Capítulo VIII EL PROFESOR Y SUS DISCÍPULOS JUEGAN CON BILLONES, TRILLONES Y MILES DE MILLONES

Los visitantes de la Hansa estaban reunidos en la sala común un cuarto de hora después, y las palabras pronunciadas por el profesor iban a ser explicadas.

Obedeciendo a Roseta, Ben-Zuf había despejado completamente la mesa, quitando los objetos que sobre ella estaban y, luego, pusiéronse en ella las monedas de plata tomadas al judío Hakhabut por orden de su valor; primero dos montones de veinte monedas de cinco francos, después de otro de diez monedas de diez francos, y, luego, otro de veinte monedas de cincuenta céntimos.

–Señores –dijo entonces Palmirano Roseta muy satisfecho de sí mismo–, puesto que ustedes no han tenido la previsión, al chocar Galia con la Tierra, de salvar un metro y una pesa de un kilogramo del antiguo material terrestre, he pensado en el mejor medio de remplazar esos dos objetos, que son indispensables para calcular la atracción, la masa y la densidad de mi cometa.

Esta frase de] exordio era algo larga, como acostumbra hacerlas el orador que está seguro de sí mismo y del efecto que va a producir en sus oyentes. Ni el capitán Servadac, ni el conde Timascheff, ni el teniente Procopio respondieron a la singular reconvención que les dirigía Palmirano Roseta. Se habían ya familiarizado con sus intemperancias,

–Señores –añadió el profesor–, me he cerciorado de que estas diversas monedas son casi nuevas, y no han sido usadas ni limadas por el judío. Están, por lo tanto en las condiciones requeridas para asegurar a mi operación toda la exactitud deseada. Primero, voy a emplearlas en obtener la longitud precisa del metro terrestre.

Héctor Servadac y sus compañeros comprendieron el propósito del profesor antes que hubiera acabado de expresarlo.

En cuanto a Ben-Zuf, miraba a Palmirano Roseta como habría mirado a un prestidigitador que se dispusiera a hacer un juego de cubiletes en algún tablado de Montmartre.

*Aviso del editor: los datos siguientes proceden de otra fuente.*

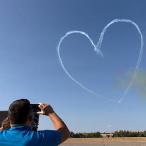 9月2日,觀(guān)眾在希臘塔納格拉空軍基地舉行的雅典飛行周上拍攝阿聯(lián)酋飛行表演隊的表演。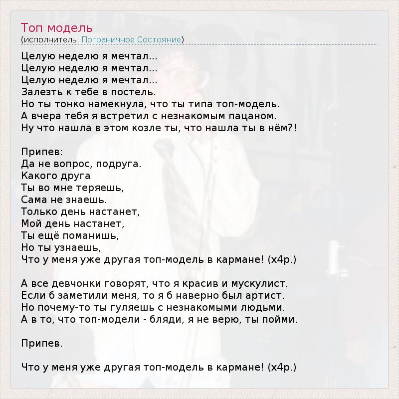 А как ты думаешь, о чем песня "Топ модель" ?

El profesor fundaba de este modo su primera operación cuya idea se le había ocurrido de pronto al oír sonar las monedas en el cajón de Isaac Hakhabut.

Como todos saben las monedas francesas son decimales y entre un céntimo y cinco francos existe cuanta moneda se necesita para completar todas las cantidades, a saber: 1.º

Uno, dos, cinco, diez céntimos en monedas de cobre. 2.° Veinte céntimos, cincuenta céntimos, un franco, dos francos, cinco francos, en monedas de plata. 3.º Cinco, diez,

veinte cincuenta y cien francos, en monedas de oro ({3}) Por lo tanto, existen todos los múltiplos decimales del franco y todas las fracciones decimales del mismo franco, esto es, en sentido ascendente y descendente. El franco es el patrón, la unidad monetaria.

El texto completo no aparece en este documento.